One is to charge a set rate for the day..which you seem to do already. If so then let her know you are charging for the full day and let her know that you will be available to handle some more work that day if she wants to pay the extra material charge and crown or chair rail another room. 


Last idea is to have a rate per foot that you charge up to a break point. For instance you charge $2.00 per foot up to 100lf. Over 100lf is $1.75 and over 200lf is $1.50.
Just a couple of ideas if you feel that you ever need to justify yourself to a customer. I am thankful that most of my work is referrals and I do not have to bid or explain why I charge what I do. It is a good practice to have a method to your madness so to speak and hopefully this helps.


----------



## Spike7 (May 18, 2012)

barry1219 said:


> 2 thoughts here.
> 
> One is to charge a set rate for the day..which you seem to do already. If so then let her know you are charging for the full day and let her know that you will be available to handle some more work that day if she wants to pay the extra material charge and crown or chair rail another room.
> 
> ...


all my work ( 30 years of it)is referrals too .

( hard to believe you don`t have to bid or explain why you charge what you do)

even a referral is new , and theres that feeling out period in the beginning of all relationships
.
i do charge per-foot, but this was 50 feet at most.
the lady was very nice . her last words were . " i was hoping to pay less , but i`ll call you if i have anything else."
lol , it just made me feel a bit guilty .
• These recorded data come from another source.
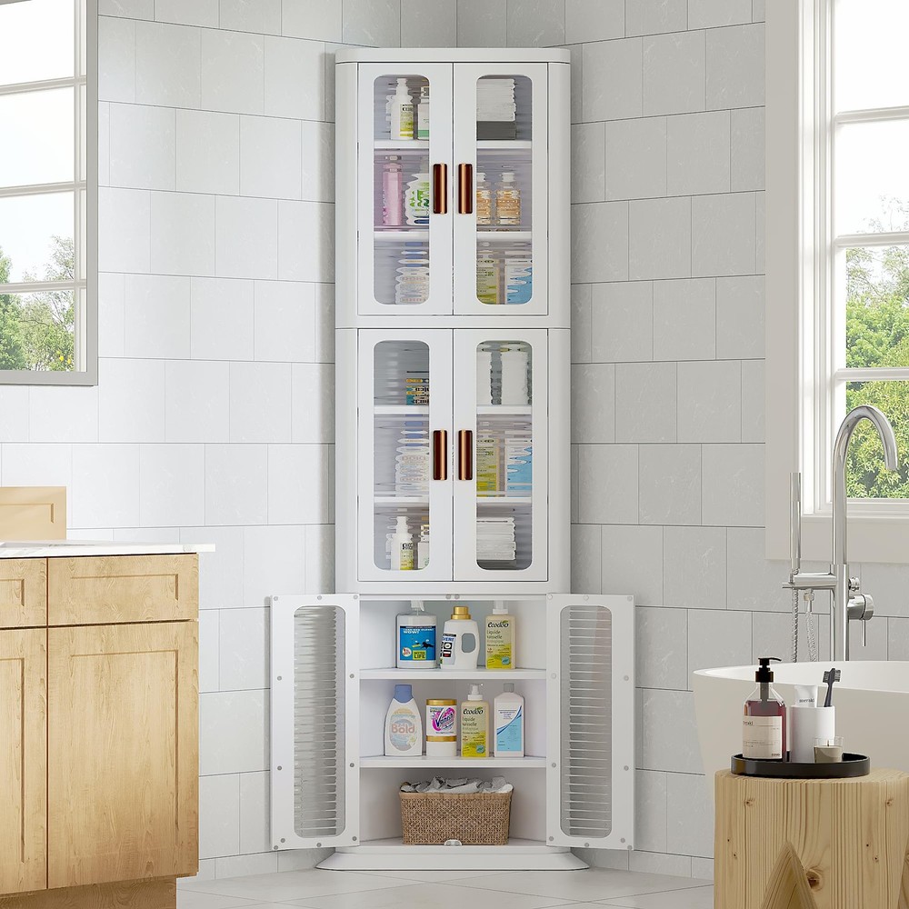 Maximize Space: VECELO corner kitchen cabinet organizer utilize overlooked corner spaces, perfect for kitchen, living room, bathroom and more Boundless Capacity: This corner kitchen cabinet is designed with spacious storage, maximizine vertical space. Each shelf features 2 adjustable shelves, allow to customize the height to fit items, keep everything organized Waterproof & Dustproof: This plastic storage cabinet with doors and shelves features adhesive doors with tough closing, making it waterproof. The corner pantry cabinet keeps dust out to ensuring stay clean Stable & Secure: The 90° design allows the tall corner cabinet to fit snugly in corners, with a sturdy base and anti-tip device for maximum safety Easy to Clean: This kitchen corner cabinet features a smooth, waterproof and dustproof surface, make cleaning effortless. Simply wipe with a damp cloth to easily remove stains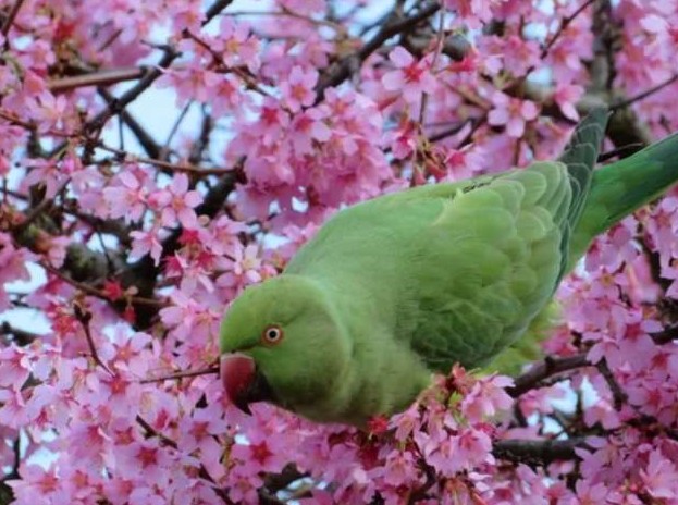 Со временем попугаи начали находить укрытие от зимних метелей и ледяных дождей на чердаках домов, а также питаться цветами и плодами растений, которые ранее были для них неизвестны. К 1990-м годам в Лондоне сформировалась небольшая, но стабильная популяция ярко-зелёных птиц. Их появление стало настолько заметным, что о встречах с ними писали в газетах и обсуждали на первых интернет-форумах.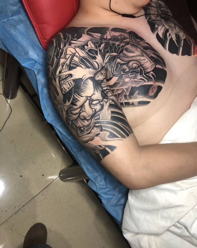 • 黑灰满背纹身图案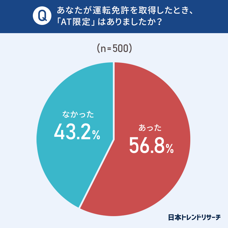 続いて、免許を取得したときに「AT限定」があったかについて聞きました。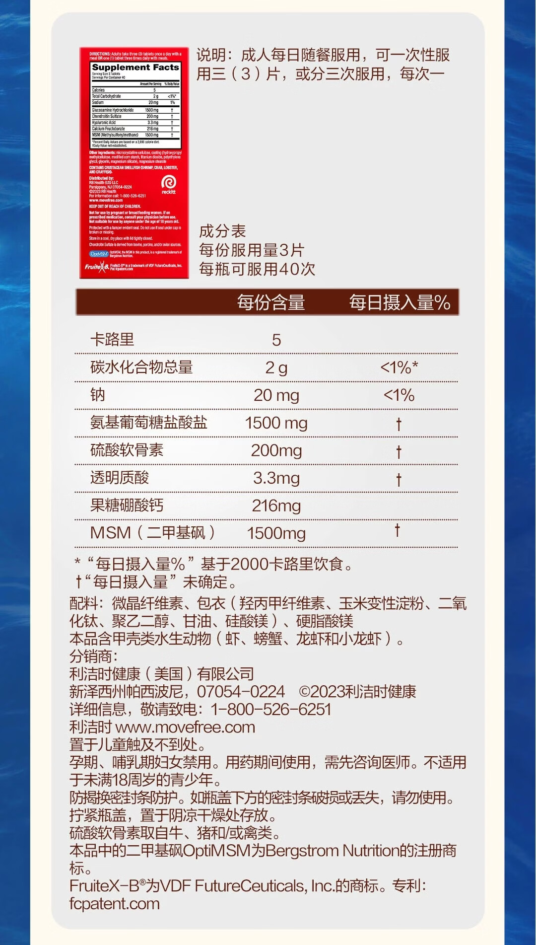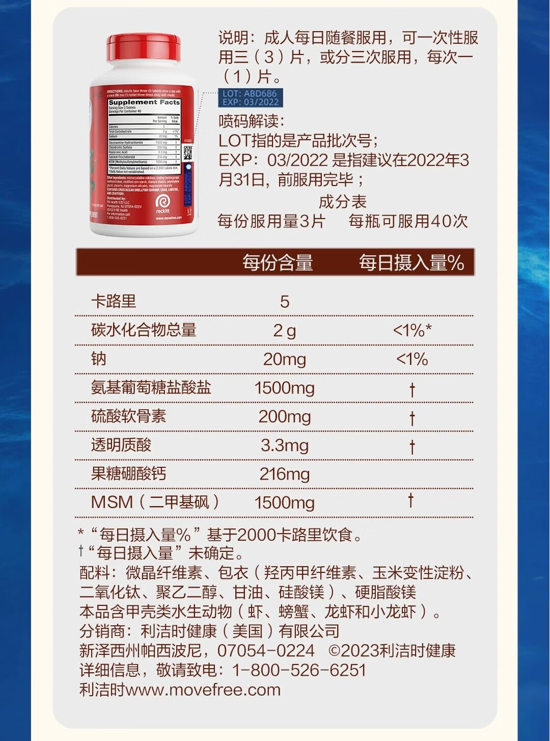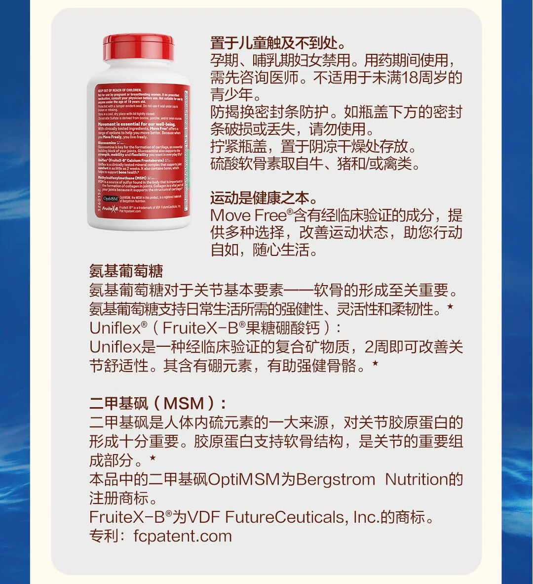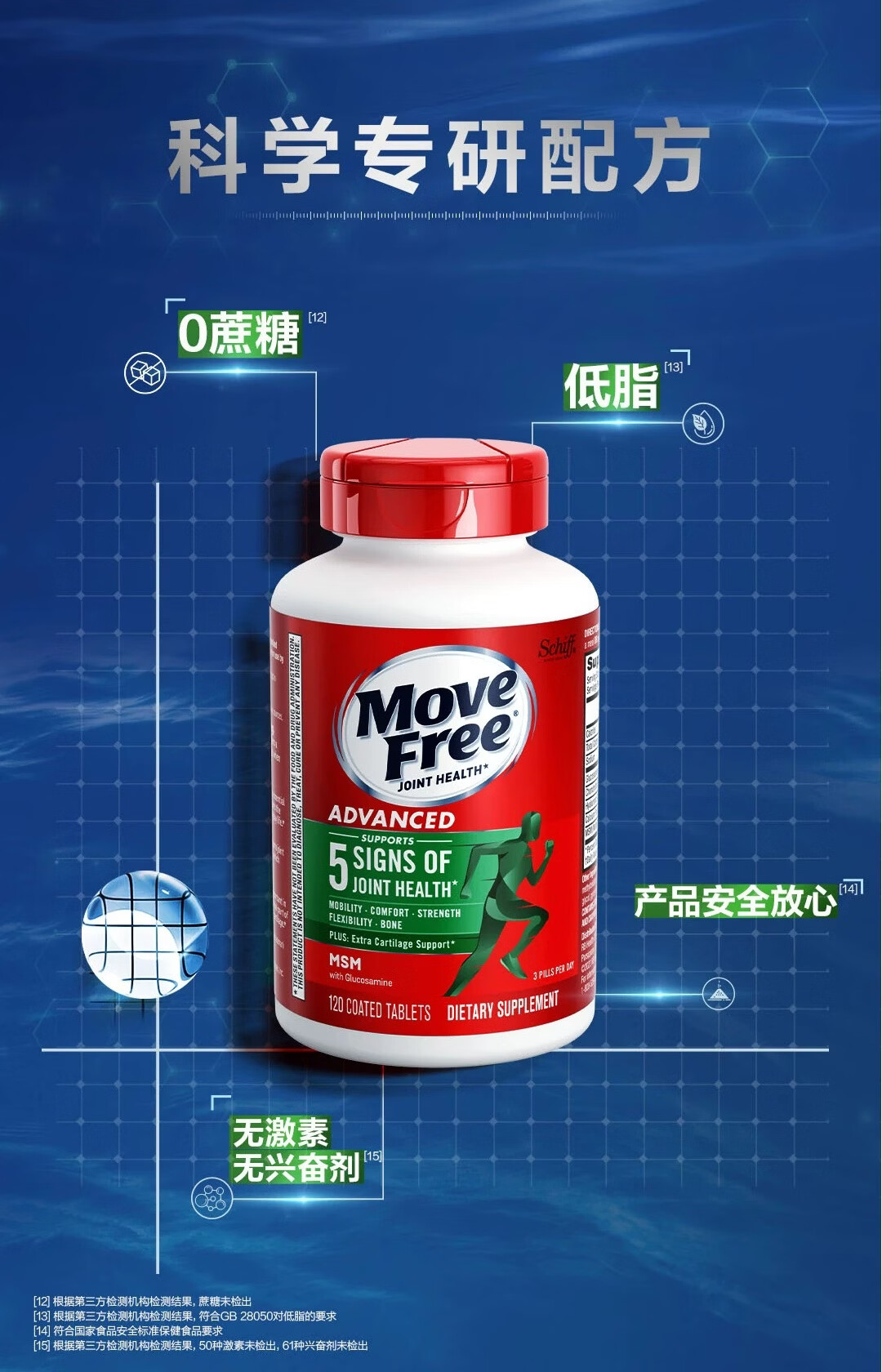 益节美国进口MoveFree维骨力绿瓶氨糖软骨素骨胶原中老年养护关节 氨糖软骨素绿瓶 120粒*1瓶 原装进口 正品保障

by my wife was right where your wives were, 
" we`ll, you have to make a living ! , don`t feel bad . you weren`t wrong."


----------



## EcoBuilder (May 2, 2011)

I just try to schedule on the days I have other bids I'm going to. I'll generally try schedule 3-4 bids in a day. If that doesn't work out, I'll just see if they mind me coming and doing it in the early evening (assuming it's only a 3 hour job).


----------



## skyhook (Mar 17, 2007)

Kent Whitten said:


> X3? Dude, you need to get your act together. My wife says my estimate is x2 :laughing:


X2 is soooo 80s. That wouldn't even cover my GL policy. :thumbup:


----------



## VinylHanger (Jul 14, 2011)

When I leave in the morning and tell my wife I'll be back in a few hours, she tells me she'll hold dinner for me. :laughing:


----------



## VinylHanger (Jul 14, 2011)

Spike7 said:


> all my work ( 30 years of it)is referrals too .
> 
> ( hard to believe you don`t have to bid or explain why you charge what you do)
> 
> ...


I feel guilty sometimes as well. However, like you said, I have to make a living. I'm not doing this for fun. It can be fun, but so can hanging around the house and watching movies, drinking beer. Gotta get paid and it is expensive to just get by these days.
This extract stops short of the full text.